I know that it is possible to calculate the mean of a list of numbers in O(n). But what about the median? Is there any better algorithm than sort (O(n log n)) and lookup middle element (or mean of two middle elements if an even number of items in list)?
views:
936answers:
6This link has popped up recently on calculating median: http://matpalm.com/median/question.html .
In general I think you can't go beyond O(n log n) time, but I don't have any proof on that :).
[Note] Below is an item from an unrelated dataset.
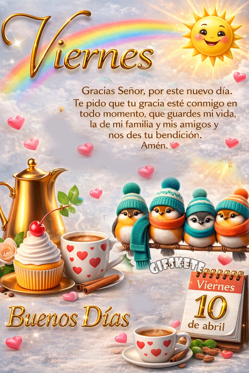 Viernes Gracias Señor, por este nuevo día. Te pido que tu gracia esté conmigo en todo momento, que guardes mi vida, la de mi familia y mis amigos y nos des tu bendición. Amén....

No matter how much you make it parallel, aggregating the results into a single value takes at least log n levels of execution.
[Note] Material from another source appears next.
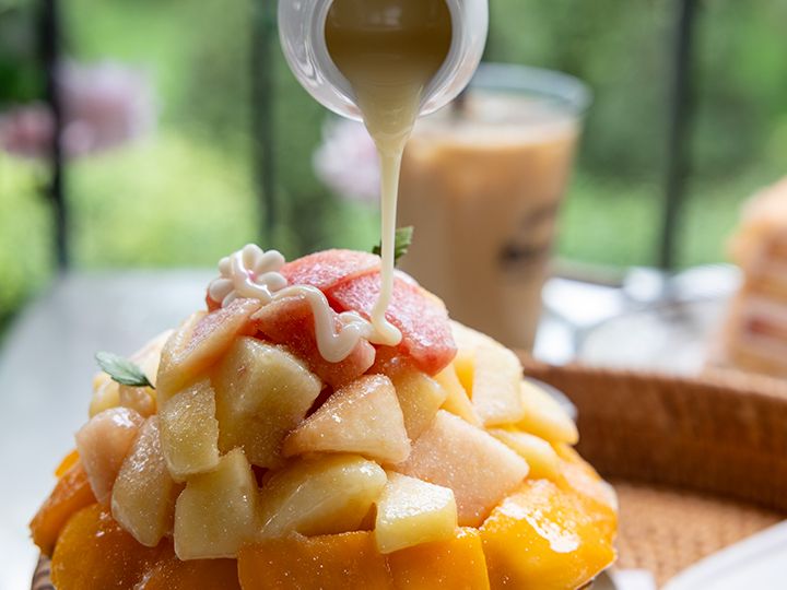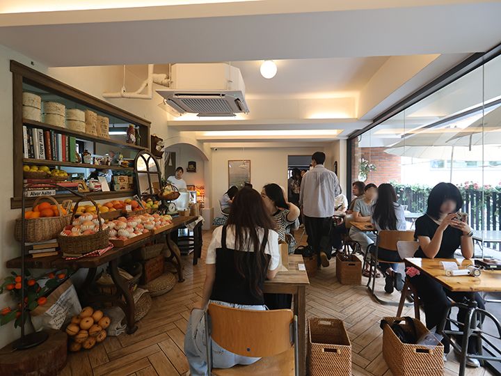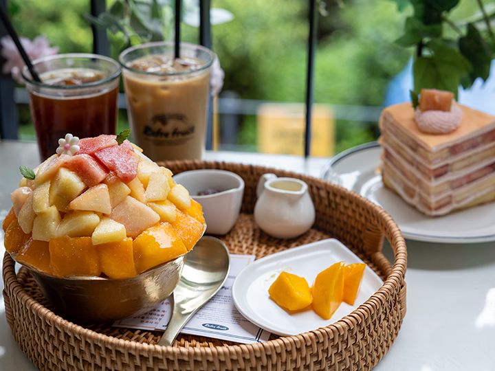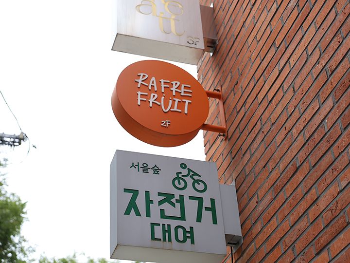 「ラフレフルーツ(RafreFruit)」は、産地直送の高級フルーツを使ったソウルで大人気のデザートカフェです。夏のマンゴー、冬のイチゴを中心に、初夏はメロンやトウモロコシ、秋は桃やイチジクなど季節限定メニューも登場します。アップルマンゴーは高級ホテルに納品している済州島の農場から取り寄せ、桃は農業技術名人の称号を得ている桃園から取り寄せるなど、生フルーツはどれも一級品ばかり。値段もプレミアムな分、ショートケーキもピンス(韓国のかき氷)も全部美味しい!と評判で、オープン前からお店の階段や、建物の外にまで行列ができます。聖水店は「ソウルの森カフェ通り」の一番奥にあり、ウェイティングの登録機器は室内席・テラス席・テイクアウトの3つから選べます。

If the numbers are discrete (e.g. integers) and there is a manageable number of distinct values, you can use a "bucket sort" which is O(N), then iterate over the buckets to figure out which bucket holds the median. The complete calculation is O(N) in time and O(B) in space.
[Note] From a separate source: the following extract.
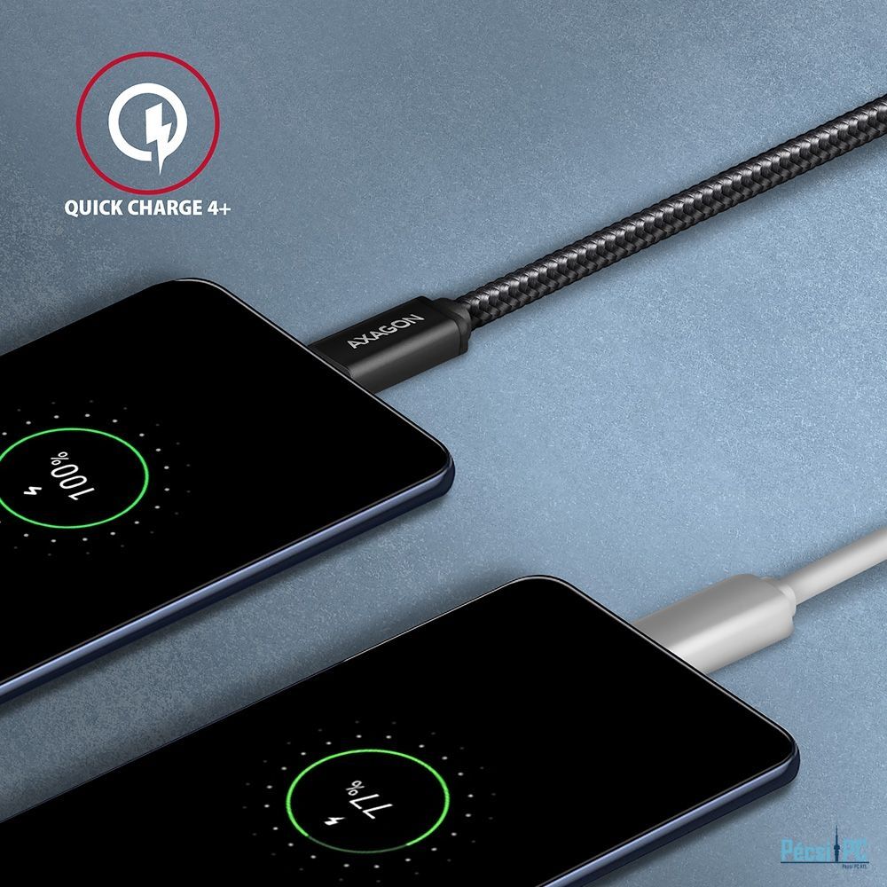 Prémium összekötő USB-C <-> USB-A adat- és töltő AXAGON BUCM3-AM20AB SPEED USB 3.2 Gen 1 kábel USB-C male és USB-A male adapterek. A kábelt gyors adatátvitelre és notebook, telefon, táblagép és egyéb mobileszközök töltésére tervezték. Akár 5 Gb/s adatátvitelt és akár 3A áramú töltést is támogat.

What you're talking about is a selection algorithm, where k = n/2
. There is a method based on the same partitioning function used in quicksort which works. It is called, not surprisingly, quickselect. While it can, like quicksort, have a O(n2) worst case, this can be brought down to linear time using the proper pivot selection.
Partially irrelevant, but: a quick tip on how to quickly find answers to common basic questions like this on the web.
- We're talking about medians? So Gg to the page about medians in wikipedia
- Search page for algorithm:
Efficient computation of the sample median
Even though sorting n items takes in general O(n log n) operations, by using a "divide and conquer" algorithm the median of n items can be computed with only O(n) operations (in fact, you can always find the k-th element of a list of values with this method; this is called the selection problem).
- Follow the link to the selection problem for the description of algorithm. Read intro:
... There are worst-case linear time selection algorithms. ...
- And if you're interested read about the actual ingenious algorithm.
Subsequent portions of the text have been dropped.